- Operation Utah Mesa: Part of the Vietnam War
| Date | 12 June – 6 July 1969 |
| Location | northwest Quảng Trị Province, South Vietnam |
| Result | Allies claim operational success |

Belligerents
- United States: North Vietnam
- Commanders and leaders: MG William K. Jones Col. Edward F. Danowitz

Units involved
- 1st Battalion, 9th Marines 2nd Battalion, 9th Marines 3rd Battalion, 9th Marines Companies B and C, 1st Battalion, 61st Infantry Regiment (Mechanized) Company B 1st Battalion, 77th Armored Regiment 2nd Regiment: 24th Regiment

Casualties and losses
- 14 killed: US body count: 309 killed

= Operation Utah Mesa =

Part of the Vietnam War (1969)

Operation Utah Mesa was a United States Marine Corps, United States Army and Army of the Republic of Vietnam (ARVN) operation in northwest Quảng Trị Province, South Vietnam from 12 June to 6 July 1969.

==Background==
In late May, intelligence gained during Operation Cameron Falls and from sensor and reconnaissance reports indicated that the People's Army of Vietnam (PAVN) 24th Regiment of the 304th Division had infiltrated Quảng Trị Province near the Khe Sanh plateau. Task Force Hotel which was responsible for this area of Quảng Trị Province ordered the formation of Joint Task Force Guadalcanal, comprising 1st Battalion, 9th Marines, and Task Force Mustang, comprising Companies B and C, 1st Battalion, 61st Infantry Regiment (Mechanized) and Company B 1st Battalion, 77th Armored Regiment of the 1st Brigade, 5th Infantry Division (Mechanized) operating with the ARVN 2nd Regiment to sweep the area.

==Operation==
The operation began on 12 June with the 1/9 Marines landed by helicopter at Landing Zone Bison and Hill 950, while the ARVN 3rd Battalion, 2nd Regiment was landed at Firebase Quantico; both battalions were to sweep west towards Khe Sanh. On 13 June the ARVN 2nd Battalion, 2nd Regiment was landed at Landing Zone Cokawa, north of Hill 950. On 15 June Company D 1/9 Marines was landed at Landing Zone Horn to secure the advance of Task Force Mustang west along Route 9 towards Khe Sanh.

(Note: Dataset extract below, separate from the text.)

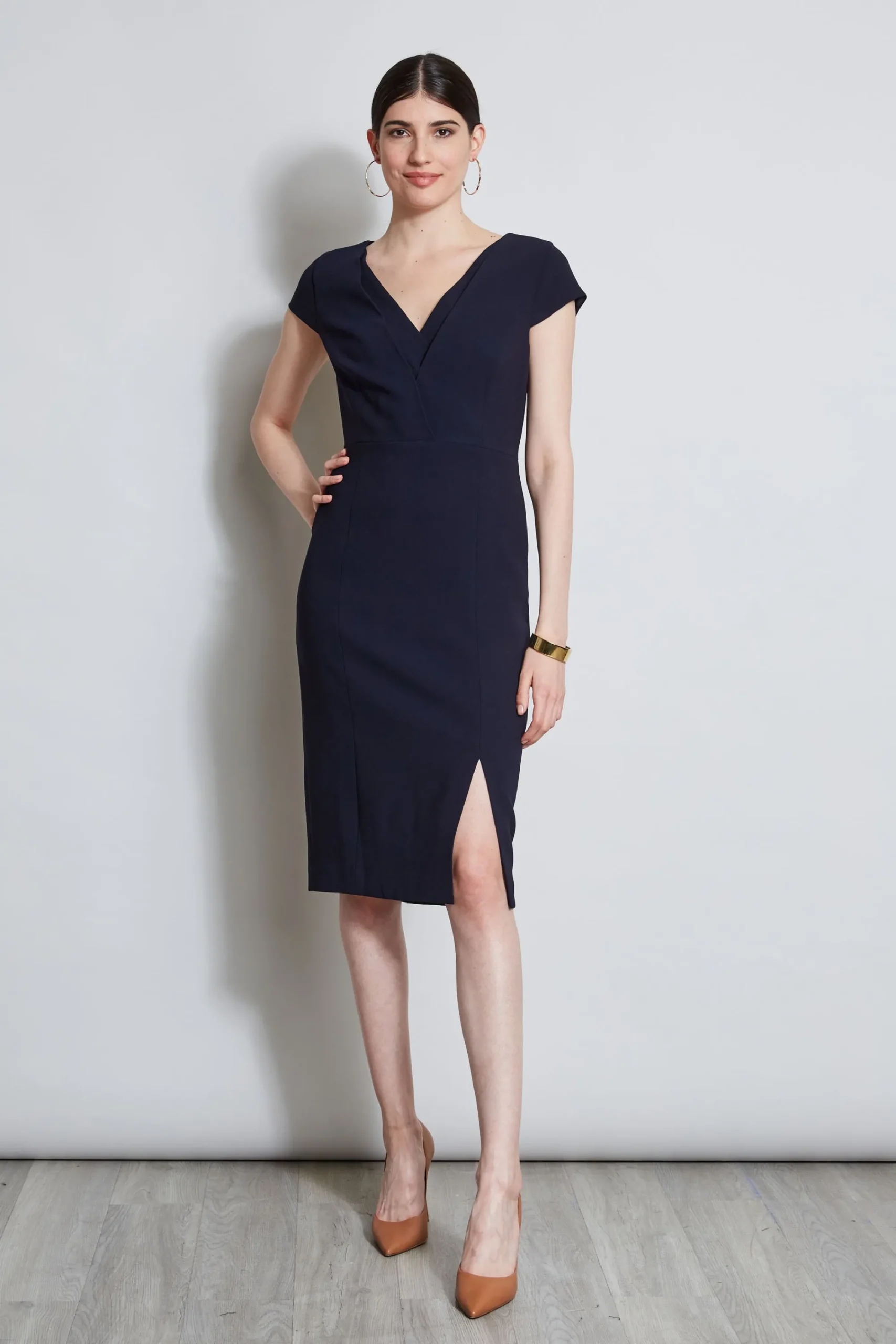 Elie’s take on the season’s must have sheath dress. The body contouring lines accent its modern slit u0026amp; double layer v-neckline. Designed in our signature Fluid Crepe, it flatters every curve. This dress is destined to become a favorite for desk to dinner. Elie Tahari Exclusive Bodycon Fluid Crepe Dress with Double Layer V-Neckline 70% Triacetate, 30% Polyester Runs true to size. Model is 5’9″ and wearing size 2 Length From Shoulder to Hem: Back 42″L, Sleeve 4.24 (approx. length for size 6) Dry Clean Only Imported Style #: E2087604

At 03:35 on 18 June over 100 soldiers from the PAVN 24th Regiment attacked Company B 1/61st Infantry's night defensive position east of Lang Vei penetrating the perimeter. When they withdrew at dawn the PAVN left behind 41 dead while U.S. losses were 11 dead. Later that day a reconnaissance patrol from Company C 1/9 Marines patrolling 3 km southeast of Khe Sanh was ambushed by entrenched PAVN with three Marines killed by machine gun fire, the ambushed platoon was recovered by the rest of Company C and they overran the PAVN position.

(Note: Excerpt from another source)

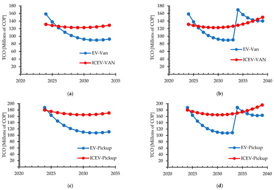 TCO comparation for each type of vehicle both with and without considering battery replacement; (a) TCO comparation for van scenario 1, (b) TCO comparation for van scenario 2, (c) TCO comparation for pickup scenario 1, (d) TCO comparation for pickup scenario 2.

On 20 June the PAVN launched 3 separate attacks against a Company B, 1/61st Infantry and Company D, 1/9 Marines position. The attacks were repulsed with air and artillery support resulting in 27 PAVN killed.

On 22 June 1/9 Marines was replaced by 3rd Battalion, 9th Marines.

At 01:30 on 24 June 2 PAVN platoons attacked Company K, 3/9 Marines' night ambush position south of Route 9, the Marines retreated to the main Company position which then came under attack in an attack which last until dawn. On the night of 26 June Company K, 3/9th Marines' night defensive position was attacked again by an estimated two companies of PAVN, which was repulsed within yhree hours. PAVN losses in both attacks were 41 dead. On the night of 27 June 2 PAVN companies attacked Company I, 3/9 Marines position east of Lang Vei, losing 22 killed.

On 2 July 2nd Battalion, 9th Marines reopened Firebase Spark, 14 km south of Khe Sanh. The PAVN soon began shelling the base; 2/9 Marines patrolled the surrounding area forcing the PAVN to withdraw.

==Aftermath==
On 6 July the 2/9 Marines and 3/9 Marines returned to Vandegrift Combat Base in preparation for the 9th Marine Regiment's redeployment from South Vietnam ending Operation Utah Mesa. U.S claimed the PAVN losses were 309 killed.